§ Activity
Go through the listing below and write out exactly the lines from the one that mentions "- Big Red’s" through the one that mentions "水彩风格,动漫风格,我个人最喜欢的风格之一。如需实现预期效果,请使用 anylora 模型,其他动漫模型可能会产生不同结果。", minus the pictures.

§ Entries supplied
============================================================

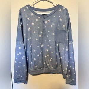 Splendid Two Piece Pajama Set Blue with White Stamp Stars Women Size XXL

============================================================

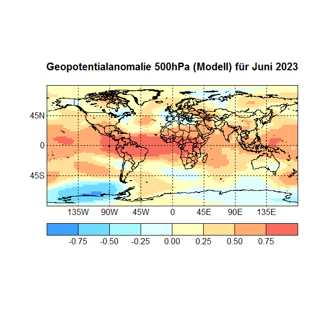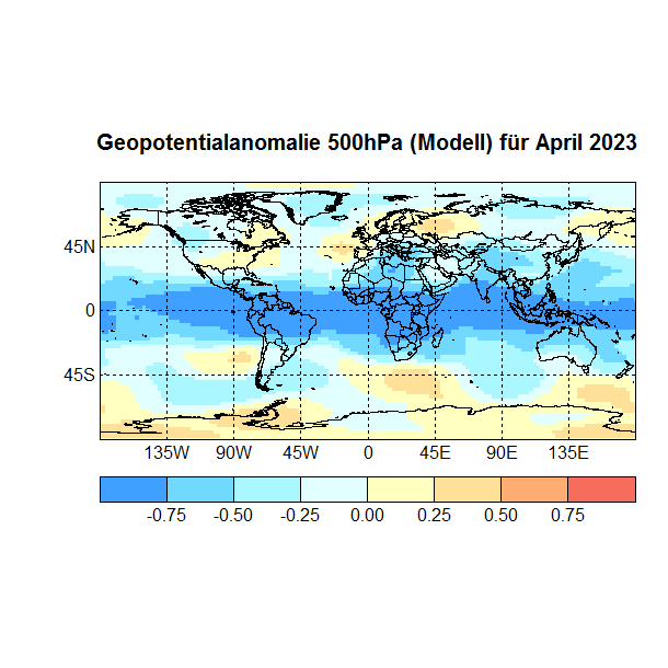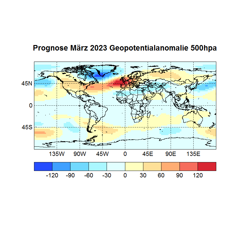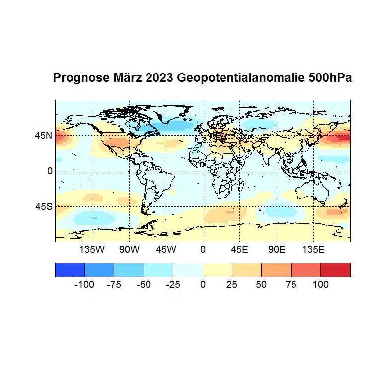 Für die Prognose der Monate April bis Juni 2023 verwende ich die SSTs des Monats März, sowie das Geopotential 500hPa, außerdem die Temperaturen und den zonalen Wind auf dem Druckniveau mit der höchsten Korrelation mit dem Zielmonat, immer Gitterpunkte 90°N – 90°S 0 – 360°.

============================================================

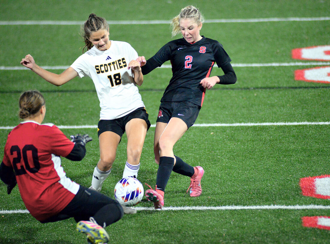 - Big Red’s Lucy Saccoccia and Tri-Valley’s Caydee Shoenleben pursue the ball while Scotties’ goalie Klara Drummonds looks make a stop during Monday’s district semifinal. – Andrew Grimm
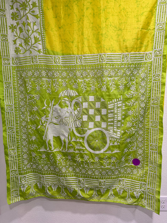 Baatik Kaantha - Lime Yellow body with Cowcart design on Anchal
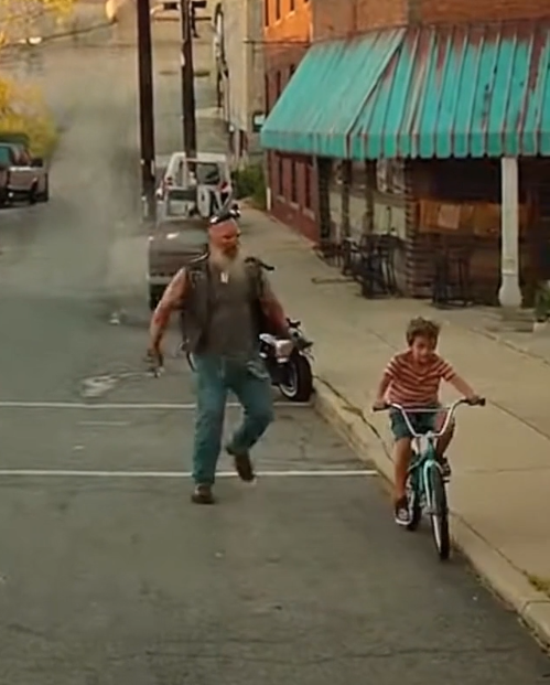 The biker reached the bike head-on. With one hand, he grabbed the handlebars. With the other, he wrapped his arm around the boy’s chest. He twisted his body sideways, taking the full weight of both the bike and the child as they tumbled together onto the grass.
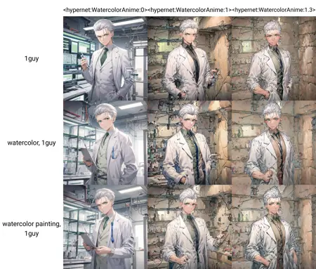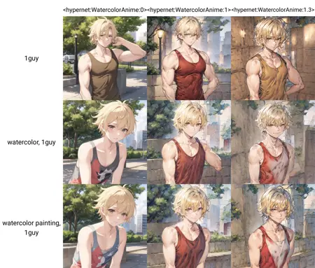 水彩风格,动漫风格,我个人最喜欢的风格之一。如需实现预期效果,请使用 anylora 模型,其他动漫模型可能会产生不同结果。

============================================================

§ Response for this exercise
 - Big Red’s Lucy Saccoccia and Tri-Valley’s Caydee Shoenleben pursue the ball while Scotties’ goalie Klara Drummonds looks make a stop during Monday’s district semifinal. – Andrew Grimm
 Baatik Kaantha - Lime Yellow body with Cowcart design on Anchal
 The biker reached the bike head-on. With one hand, he grabbed the handlebars. With the other, he wrapped his arm around the boy’s chest. He twisted his body sideways, taking the full weight of both the bike and the child as they tumbled together onto the grass.
 水彩风格,动漫风格,我个人最喜欢的风格之一。如需实现预期效果,请使用 anylora 模型,其他动漫模型可能会产生不同结果。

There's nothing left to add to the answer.